Aaron Blinka
|
CompactFlash disk corruption, possible relation to popen or Pipe?
|
Aaron Blinka
04/10/2023 1:53 PM
post122204
|
CompactFlash disk corruption, possible relation to popen or Pipe?
Hi all,
We are experiencing production issues with drives running QNX 4.25 with CompactFlash cards (solid state) as the disk for
the node. We are seeing multiple failure modes. What we are frequently seeing is that when the nodes are rebooted/
power cycled the node won't reboot and gives a message of "Reboot and select proper boot device" - the drive is
unbootable. We've also seen issues where the node is online but some files on the disk are corrupted (an example is awk
, the program would crash when you attempt to run it and its checksum does not match other nodes in the system). We've
also seen issues where trying to run a program (example: netinfo), or access a file will give a "Input/output error".
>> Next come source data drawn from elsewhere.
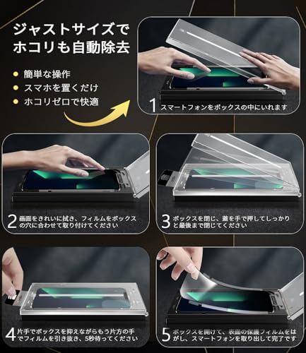 【最新なフィルム貼り付けデザイン・秒で貼り付け】 いPhone13 Pro Max ガラスフィルム を貼るときに、位置ずれ・ホコリの混入・気泡などで悩んだことはありませんか?こうした悩みを解決するために、画期的な自動位置決めBOXを開発しました!革新的な自動位置合わせ&自動吸着技術を採用し、引くだけでホコリや気泡を瞬時に排出。いPhone13Promaxをボックスに入れ、いPhone13 Pro max フィルム をフレームに入れてガイドシートを引くだけで、ズレることなくスピーディーに貼り付け可能。未経験の方でも、簡単・完璧に貼ることができます。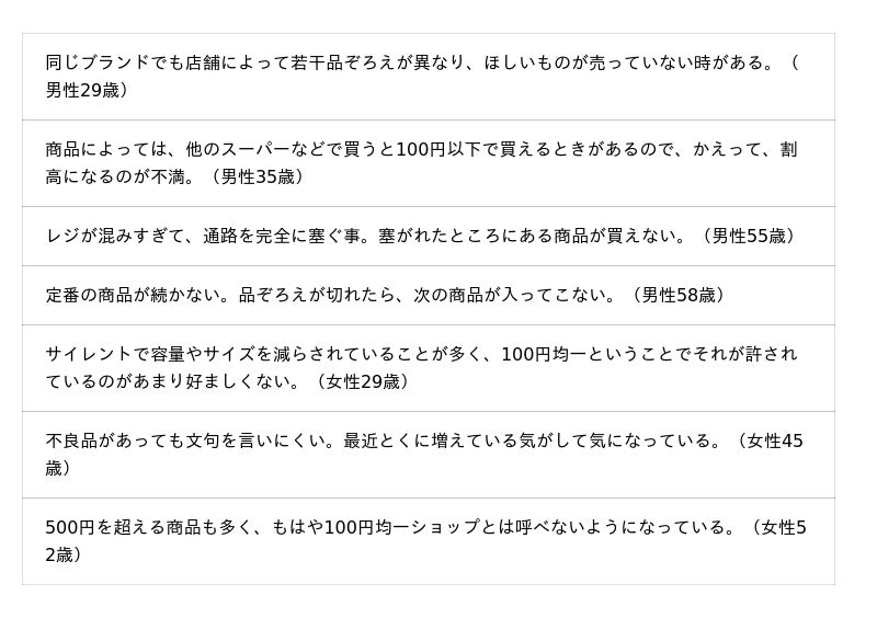 ☆100円ショップ利用時の不満点/利用しない理由(全4,200件)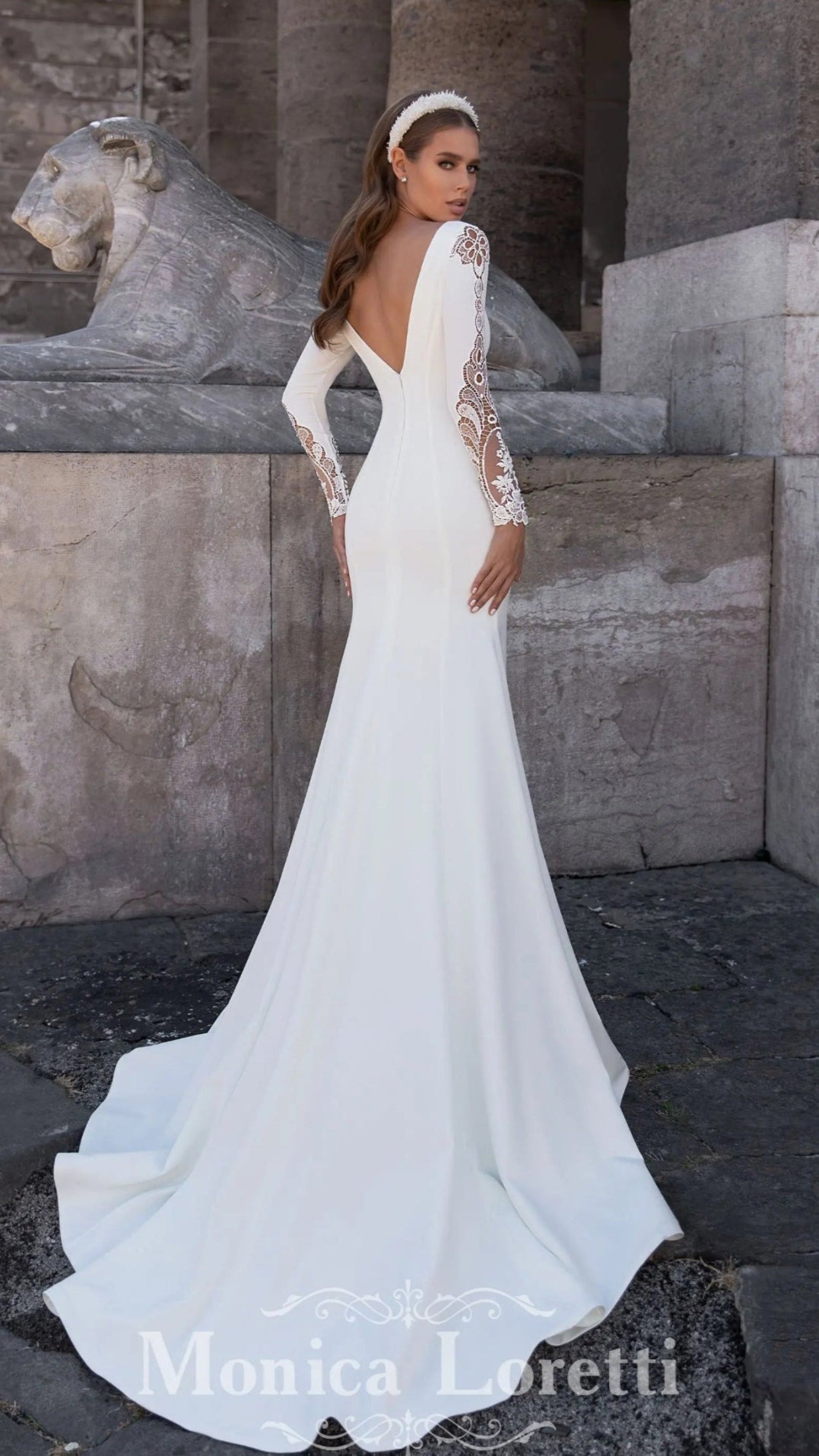 Elegant lace elements on the sleeves and tailored silhouette undoubtedly make this structured crepe gown stylish and remarkable. A plunging back and neckline lend an elegant vibe to this figure-flattering fit. It’s minimalism at its best.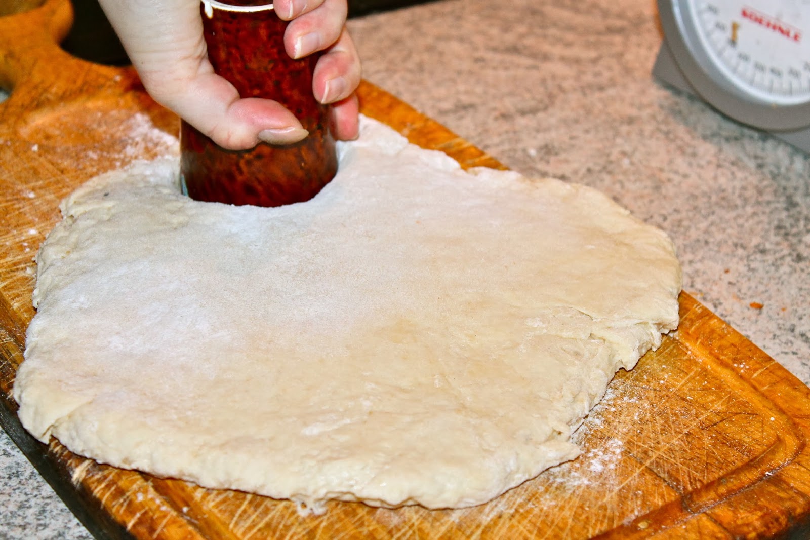 Roll the pastry about 2cm thick and cut out the scones with a round biscuit cutter (about 5cm diameter) or a glass/cup.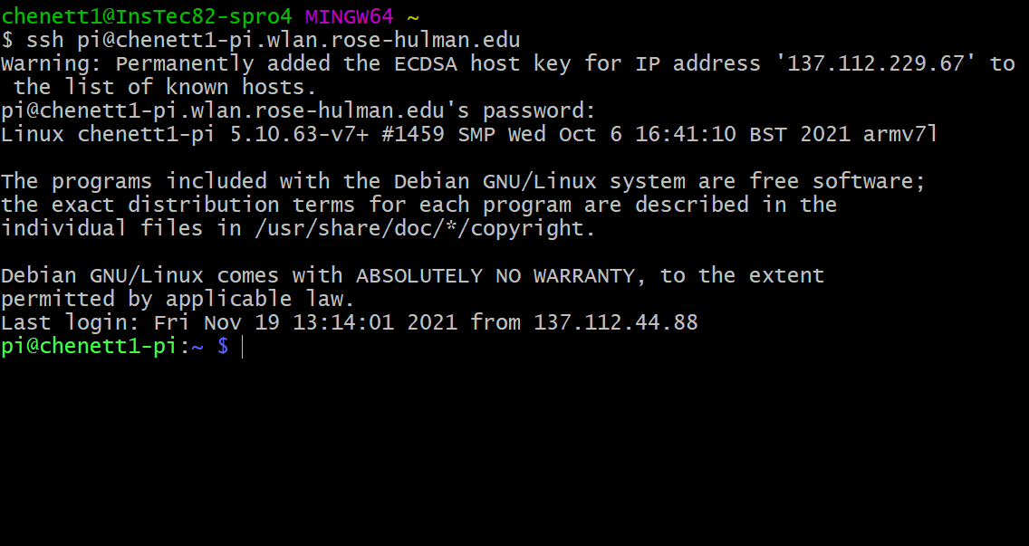 piand you'll use default passwordraspberry(unless you've already changed the password in the setup step). Also remember that your Pi's hostname is<rhit username>-pi, and it's connected through the RHIT WiFi, so the complete network address is<rhit username>-pi.wlan.rose-hulman.edu. For example, in Git Bash, you can use the commandssh pi@<rhit-username>-pi.wlan.rose-hulman.eduYou may be asked to add an ECDSA signature key, if so, say yes. If the SSH command complains that the key differs from a known key (say, after re-installing Raspbian), use the command

Additionally, we sometimes see error messages in terminal 1: "popen: Input/output error". Sometimes we see a
combination of these failure modes, sometimes we just see one, we have yet to see a repeatable pattern.
Our application does use a popen() call to execute some shell commands and get the result back into the program. That
particular code runs on a loop and executes roughly every 1 second.
In most cases we see some errors in chkfsys, especially after the nodes have had problems. The amount of errors varies.
In some of the nodes that are completely unbootable we've been able to mount them as an external drive via io-usb and
a USB-to-CompactFlash adapter. Some of them don't mount, but some do. The ones that do mount successfully typically
show a very large number of errors when running chkfsys.
These failures have occurred on multiple different cards in multiple different nodes. As far as we can tell the cards
are not worn out or having hardware issues/bad sectors. Most of these cards are not very old, which also leads us to
think this isn't a hardware failure in the CompactFlash cards themselves.
One thing we noticed when investigating is that the Pipe manager (/bin/Pipe) is not running on these nodes. We're not
sure if that is related or not. We read in the help manual that when the Pipe manager is not running that pipes are
implemented through the Fsys driver, but we're not sure if that is having an impact or not either. We are starting to
suspect that the issue may be tied either to Pipe, popen, Fsys driver parameters, or some combination of these. We also
have some suspicions that there may be a correlation with the processor board, since many of these nodes run on a dual-
core Intel Core 2 Duo. Some of them run on boards with a single-core Pentium processor, but we haven't seen any issues
where the nodes won't reboot on the Pentium processors, just individual files being corrupt (i.e a bad checksum for /bin
/awk). We're not sure if maybe the Fsys driver behaves badly with a dual-core processor or not.
There are a mix of versions across the field, some are runnign /bin/Fsys version 4.24V, some are running 4.24Z. Some
are running /bin/Fsys.eide (some are version 4.25A, some are 4.25G), some are running /bin/Fsys.atapi version 4.25G.
All are running /boot/sys/Proc32 4.25Q.
If anyone out there has any ideas or can help us, we would be greatly appreciative.
|
|
|